→ **YOUR ASSIGNMENT**
Leave out the pictures and retype, exactly, the lines below from the line with "stability or function)" up to and including the line with "可以看出整体平均的精确度和召", nothing more.

→ **EXERCISE MATERIALS**

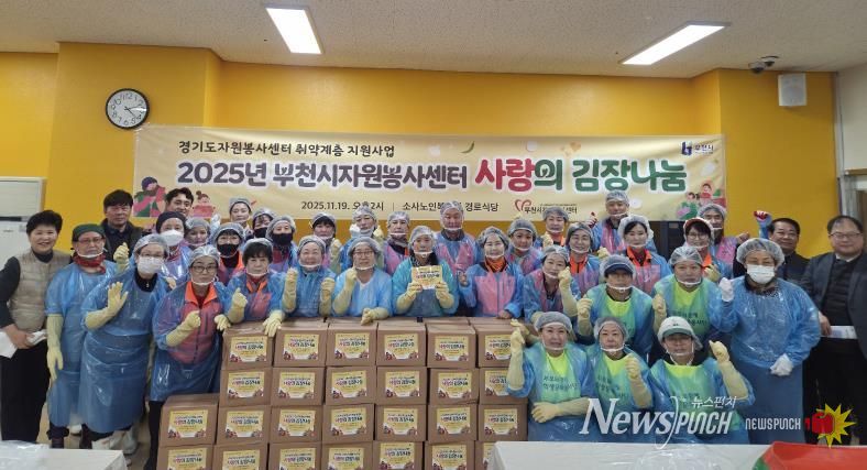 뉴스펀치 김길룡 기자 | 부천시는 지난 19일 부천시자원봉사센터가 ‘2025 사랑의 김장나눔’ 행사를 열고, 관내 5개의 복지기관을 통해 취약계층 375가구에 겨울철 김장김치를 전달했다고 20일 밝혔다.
* * *
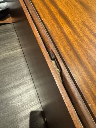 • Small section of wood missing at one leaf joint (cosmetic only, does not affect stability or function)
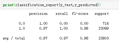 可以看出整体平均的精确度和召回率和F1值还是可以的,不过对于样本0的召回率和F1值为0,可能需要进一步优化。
--
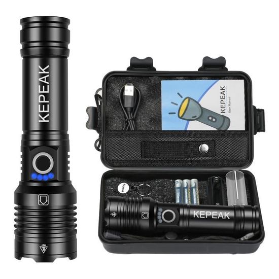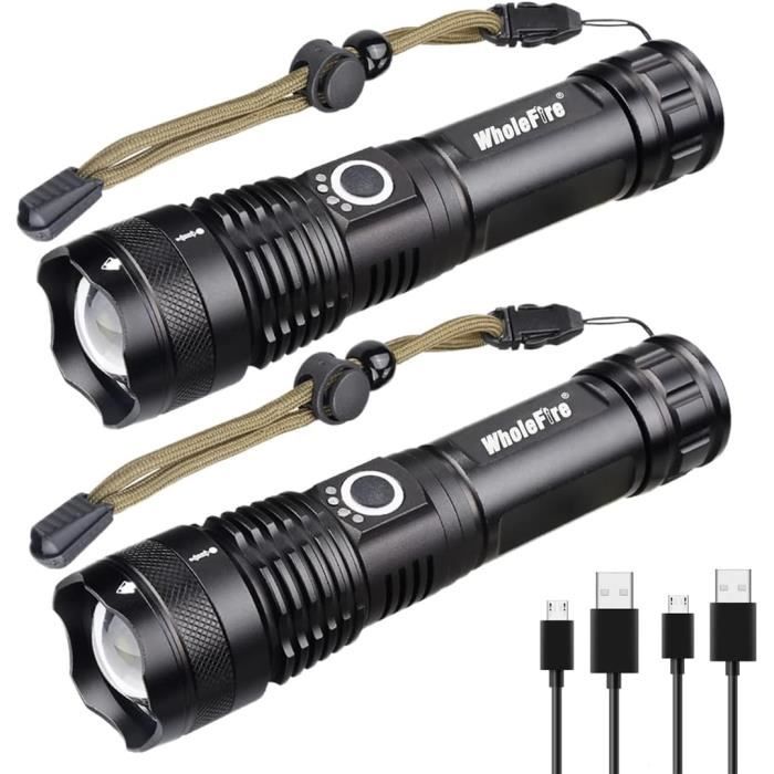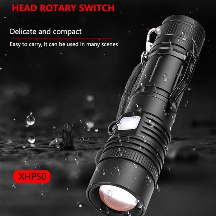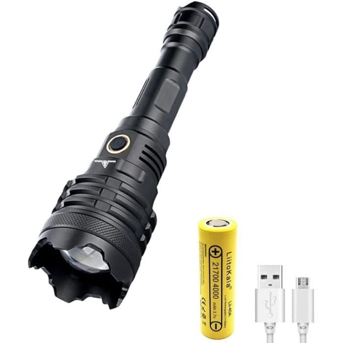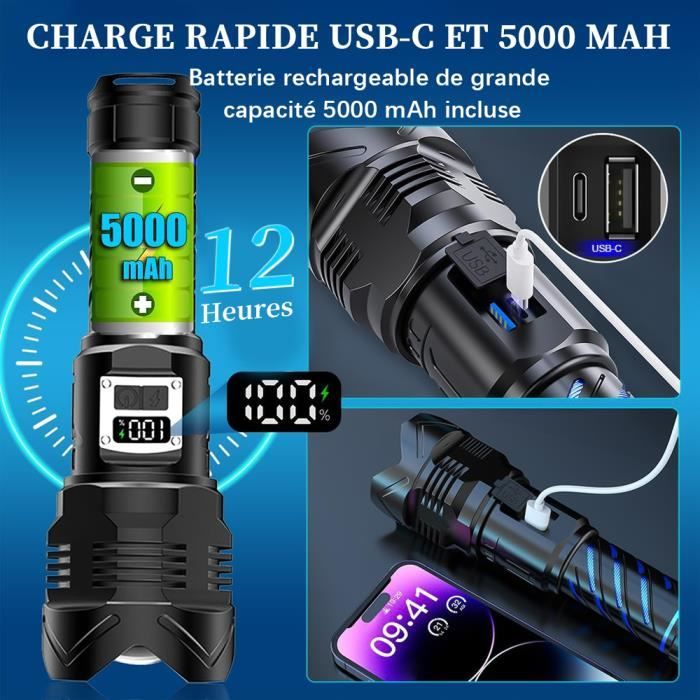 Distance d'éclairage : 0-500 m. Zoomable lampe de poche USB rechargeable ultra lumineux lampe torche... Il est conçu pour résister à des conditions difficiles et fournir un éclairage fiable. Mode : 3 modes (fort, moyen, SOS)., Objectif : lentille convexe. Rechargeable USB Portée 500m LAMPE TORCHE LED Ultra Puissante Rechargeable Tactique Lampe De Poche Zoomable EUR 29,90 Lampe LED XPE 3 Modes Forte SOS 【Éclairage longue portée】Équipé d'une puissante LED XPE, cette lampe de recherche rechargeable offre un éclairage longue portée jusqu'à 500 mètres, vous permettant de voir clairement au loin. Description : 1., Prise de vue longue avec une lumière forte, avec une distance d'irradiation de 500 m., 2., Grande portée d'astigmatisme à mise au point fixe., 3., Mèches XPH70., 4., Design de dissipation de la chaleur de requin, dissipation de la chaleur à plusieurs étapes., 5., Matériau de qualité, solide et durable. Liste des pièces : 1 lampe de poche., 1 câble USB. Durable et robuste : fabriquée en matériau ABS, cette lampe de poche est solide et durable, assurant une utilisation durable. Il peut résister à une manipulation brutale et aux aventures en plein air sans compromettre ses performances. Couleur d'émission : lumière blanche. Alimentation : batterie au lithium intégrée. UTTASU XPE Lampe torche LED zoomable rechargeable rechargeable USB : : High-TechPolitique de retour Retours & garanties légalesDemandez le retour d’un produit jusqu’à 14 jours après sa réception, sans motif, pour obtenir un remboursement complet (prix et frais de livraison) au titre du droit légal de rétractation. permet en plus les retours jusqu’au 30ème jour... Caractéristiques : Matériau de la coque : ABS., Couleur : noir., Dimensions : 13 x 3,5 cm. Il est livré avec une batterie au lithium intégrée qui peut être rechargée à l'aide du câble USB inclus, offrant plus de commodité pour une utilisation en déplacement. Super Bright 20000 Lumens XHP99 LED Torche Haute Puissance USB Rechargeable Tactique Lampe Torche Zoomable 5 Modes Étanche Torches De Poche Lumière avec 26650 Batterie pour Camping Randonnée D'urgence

→ **ANSWER TO THE PROBLEM**
 • Small section of wood missing at one leaf joint (cosmetic only, does not affect stability or function)
 可以看出整体平均的精确度和召回率和F1值还是可以的,不过对于样本0的召回率和F1值为0,可能需要进一步优化。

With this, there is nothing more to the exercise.